Sitting at the feet of Jesus in the tabernacle is beautiful, but because He is Really Present we must face Him, just as we would face Queen Elizabeth, not sit with our backs to her. 

In the Blessed Sacrament Jesus is either behind us, or in front of us, or beside us, just as the Queen would be in one place or another, not several at once. In the Blessed Sacrament, Jesus is as Real as the Queen. We are 'in his Tabernacle' and we are 'a temple of the Holy spirit', but that's talking about God's spiritual presence, not his Real Presence in the Blessed Sacrament.


Janferie Sefo Kelekolio adds:

Julia du Fresne I understand what your saying definitely x thankyou for another way of looking at things. 

When I take Holy communion I become the Tabernacle, I become overwhelmed with the Holy spirit , but I'm still learning and growing.... We are made Holy and right thru the blood and body of Christ Jesus xx blessings and thank you.

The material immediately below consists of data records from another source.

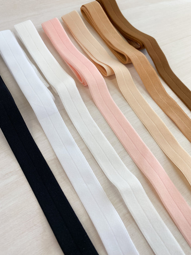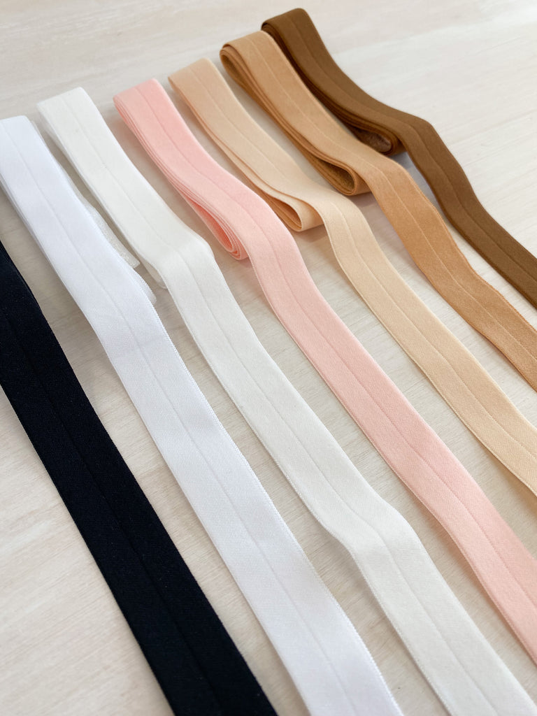 Our classic Fold Over Elastic is the perfect elastic for a soft clean finish on the edge of your lingerie. This elastic is applied like binding over the edge of your project and has a fold line down the center for a perfect fold. It's reversible with a matte and shiny side for whatever look your going for and custom-dyed in our core colours to match all of our supplies.
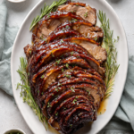 - Assemble the Dish: Brush the glaze generously over the roast, allowing it to settle between the spiral layers.
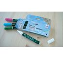 The set KREUL"Chalky Chalk marker - Window decoration" consisting of four pens and is particularly suitable for decorating windows and other glass surfaces. With the approx. 2 - 3 mm wide tip, especially writings can be painted on very well.

 His Real Presence, Julia, is not only in the consecrated bread and wine. If it were, then what would be the point of the Resurrection? The Eucharistic Presence of Jesus Risen, celebrated in the Mass, transforms all of Creation from death into life. So the Real Presence of Jesus in the Eucharist, in Holy Communion, is present in uniting all the people in the life of Christ in His Resurrection, 

Right from the beginning of time to the end, no one and nothing is left out, since all were created in Jesus, the Word, so all are raised to life in, though and with Him. Jesus is therefore really present in Word and Sacrament,in the people, including the Priest and in all Creation, The bread and wine of the Mass go back to the Passover grace, the "Thanksgiving." we celebrate our lives being saved in Christ, the Life. The old and new Covenants become one in Christ. The Blood of the Lamb, goes right back to Abel, the wheat grain in the bread, to Cain. 

So it is that the redemption of the Resurrection overturns death from not only that point onward, but right back in time to the beginning. So the Eucharist is to reveal to us, the real Presence of Christ Jesus in all of Creation. He as the Life from the beginning and the Resurrection from the dead.So all is in Him, As Church, as a consecrated people, we are transformed into the mystical Body of Christ,,as the Temple, the Tabernacle of God. 

As St Theresa said "Christ has no body now but yours." Holy Communion unites all together in Christ. We receive and are received into Him.Transformed and transcended. The life we live is Christ Jesus. We become one in life together with Him.The Bride and the Bridegroom, one life. It is in His Life that we are united with the Father in the Spirit, in being within the Real Presence of God..

I say:

At the risk of boring people, I have to repeat myself: Jesus Christ is Really Present, physically present, on earth only in the consecrated Bread and Wine. He is not physically 'present in uniting all the people'. He is not physically present in ''The Priest and in all Creation'.

As a lay Carmelite I can assure you that St Teresa did not, and could not, say such a thing as 'Christ has no body now but yours'. As a Doctor of the Church she could not and would not have contradicted Church doctrine.

It was in fact a Methodist minister, Mark Guy Pearse who spoke those words in a sermon in 1888.

And that makes sense, because "Christ has no body now but yours" is a thoroughly Protestant statement of Protestant disbelief in Christ's own proclamation of the doctrine of the Eucharist.